• Data block:
========================================
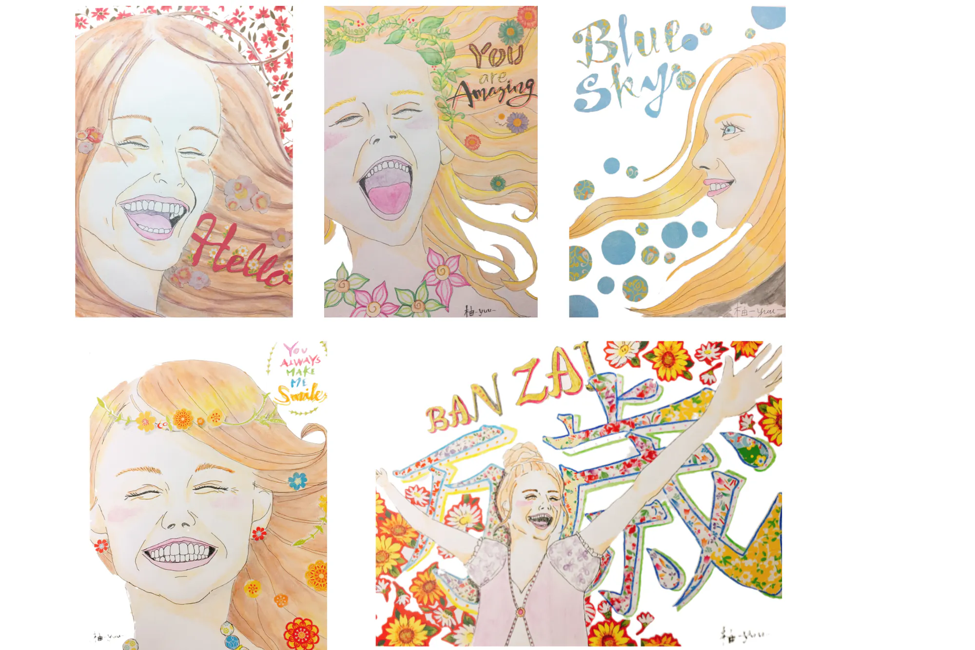 ・オリジナルポストカード 1枚(ユイコが手描きで仕上げたsmileポストカードで笑顔をお届け♪)
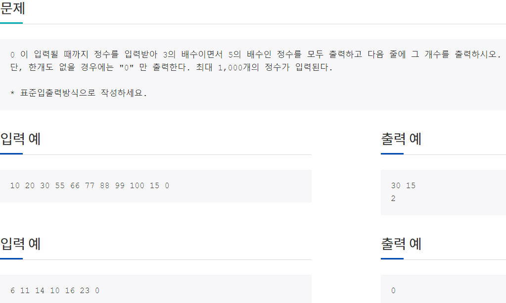 #include <iostream> #include <list> using namespace std; int main() { list<int> resultList; int n; while (true) { cin >> n; if (n == 0) break; if(n % 15 == 0) resultList.push_back(n); } if (resultList.size() > 0) { for (int var : resultList) { cout << var << ' '; } cout << endl; } cout << resultList.size() << endl; }210 : 파일입출력 - 형성평가6
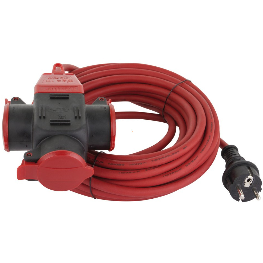 Prelungitor cu împământare, pentru exterior, cu 3 prize, 10 m H07RN-f 3x1,5
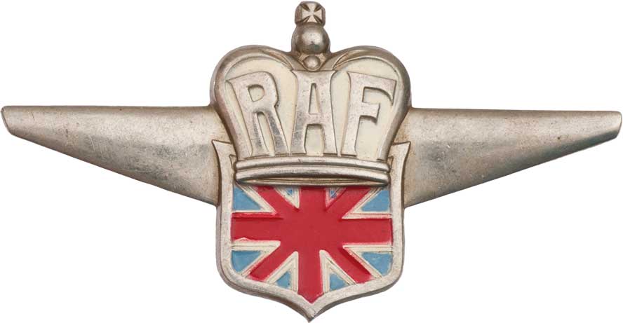 RAF - odznak přísl. vojenské ambulance cca 1939 - 1945, Sign.Coro, částečně smalt. bílý kov 75x39 mm se zav.špendlíkem (nositel R.Hering z Volyně, přísl.RAF)
========================================
• Required action:
Each line above should be printed again exactly, though the pictures should not be.

• Answer below:
 ・オリジナルポストカード 1枚(ユイコが手描きで仕上げたsmileポストカードで笑顔をお届け♪)
 #include <iostream> #include <list> using namespace std; int main() { list<int> resultList; int n; while (true) { cin >> n; if (n == 0) break; if(n % 15 == 0) resultList.push_back(n); } if (resultList.size() > 0) { for (int var : resultList) { cout << var << ' '; } cout << endl; } cout << resultList.size() << endl; }210 : 파일입출력 - 형성평가6
 Prelungitor cu împământare, pentru exterior, cu 3 prize, 10 m H07RN-f 3x1,5
 RAF - odznak přísl. vojenské ambulance cca 1939 - 1945, Sign.Coro, částečně smalt. bílý kov 75x39 mm se zav.špendlíkem (nositel R.Hering z Volyně, přísl.RAF)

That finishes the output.